Un entrepreneur a levé un million d’euros pour développer un QR code à destination des cimetières. Et s’est offert une jolie publicité à travers son passage dans un jeu télévisé où il doit, justement, convaincre des investisseurs. C’est une mission pour rabat-joie, ça.
Qui veut être son associé ?
Sur M6, l’émission « Qui veut être mon associé ? » propose un concept simple : un jeune entrepreneur vient présenter une idée à des investisseurs, et ceux-ci décident ou non d’investir de l’argent dans sa société. C’est un rhabillage original d’une vieille recette, les émissions d’inventeurs, avec un intérêt supplémentaire pour les téléspectateurs cible, c’est qu’ils pourront un jour glisser le produit dans leur chariot au supermarché. Ou non.

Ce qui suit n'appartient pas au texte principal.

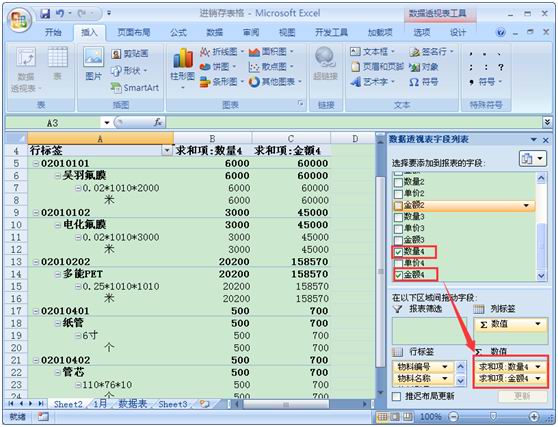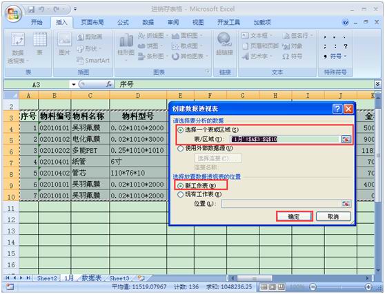 16.最后一步:月末統計結存數量、金額和平均單價。 首先,選中數據區域,選擇【插入】-【數據透視表】,如下圖設置內容后,點擊【確定】按鈕。 17.將最后一列的【數量】和【金額】拖到【數值求和】框內,將【物料編號】和【物料名稱】放入【行標簽】區域,并適當調整數據透視表格式和字段名稱,結果如下:

Et donc, ce second mercredi de janvier s’est présenté un « inventeur » venu proposer une solution pour les cimetières : un QR code. Le jeune homme, ingénieur de profession, a eu cette idée lors de l’enterrement de son grand-père.
L’idée est simple : un QR code est placé sur le monument, et lorsqu’un proche vient se recueillir sur la tombe, il lui suffit le le flasher (pardon pour l’anglicisme, mais c’est comme ça que l’on dit), et cela le mène sur un site internet où on trouve des photos, un film, un registre de condoléances…
Et c’est à ce moment là que, sous mon identité secrète de Super Rabat-joie, je dévoile ma botte secrète : le paragraphe précédent a été écrit sans que j’aie vu l’émission, ni avoir lu d’articles sur le sujet. Bon, j’ai été vérifier après l’avoir écrit, tout de même.
Parce que les QR codes dans les cimetières sont une idée tellement novatrice que je me rappelle avoir écrit mon premier article sur le sujet il y a 10 ans. A propos d’une société qui n’existe plus. Puis j’en ai écris d’autres, à propos d’une société qui n’existe plus non plus, et à propos de sociétés qui l’ont inscrit, puis retiré, de leur catalogue.
Ethnocentrisme funéraire
La présentation du projet a mis un certain malaise, et même provoqué des heurts, sur le plateau, nous apprend le replay. La majorité des jurés estimait que c’était une mauvaise idée, et seul un d’entre eux, par ailleurs créateur d’une société de produits de régime, a investi de l’argent, en conseillant à son poulain de voir plus grand en proposant une solution globale.
Et certainement que cet investisseur est très doué. Son entreprise de produits de régime est prospère, elle touche à une demande du public. Mais il ne comprend manifestement pas le funéraire.
La mort est particulière. Lorsqu’on va aux pompes funèbres préparer la séparation définitive d’avec une personne qu’on a aimé, on n’y va pas dans le même état d’esprit que lorsqu’on va remplir son réfrigérateur au supermarché. C’est un moment de conservatisme, où l’on se rabat sur des habitudes et des coutumes anciennes, celle du défunt. Ça rassure, c’est humain : une sorte de cocon mental, une forme sinistre de la madeleine de Proust.
Et oui, les choses peuvent évoluer. Mais dans le funéraire, rien n’évolue jamais avec fracas à grands renforts de publicités. Tout est très lent, au rythme de la société et des obsèques des classes d’âge. Quand les jeunes d’aujourd’hui mourront, dans longtemps, on l’espère, peut-être que l’on aura des plaques tombales en forme de manettes de jeu vidéo. Mais on aura des tombes pour les poser.
Dès lors, le QR code dans le cimetière ne s’imposera jamais. Ceux qui veulent évoquer le souvenir d’un défunt n’en ont pas besoin : ils ont les albums photos, les vidéos de famille, et leurs souvenirs. Ceux qui s’en fichent ne seront pas convaincus pour autant de venir dans le cimetière flasher un QR code. Sans compter que, laids, ces derniers ont déjà été interdits dans plusieurs cimetières. Ça aussi, ça va être compliqué.
En un mot : comme disaient Chevalier et Laspalès, les QR codes au cimetière, « il y en a qui ont essayé, ils ont eu des problèmes ». Mais bon : si ce jeune entrepreneur et son « business angel » pensent qu’ils vont y arriver là ou d’autres (dont ils n’ont même pas entendu parler, ça commence bien) ont échoué, « c’est vous qui voyez ».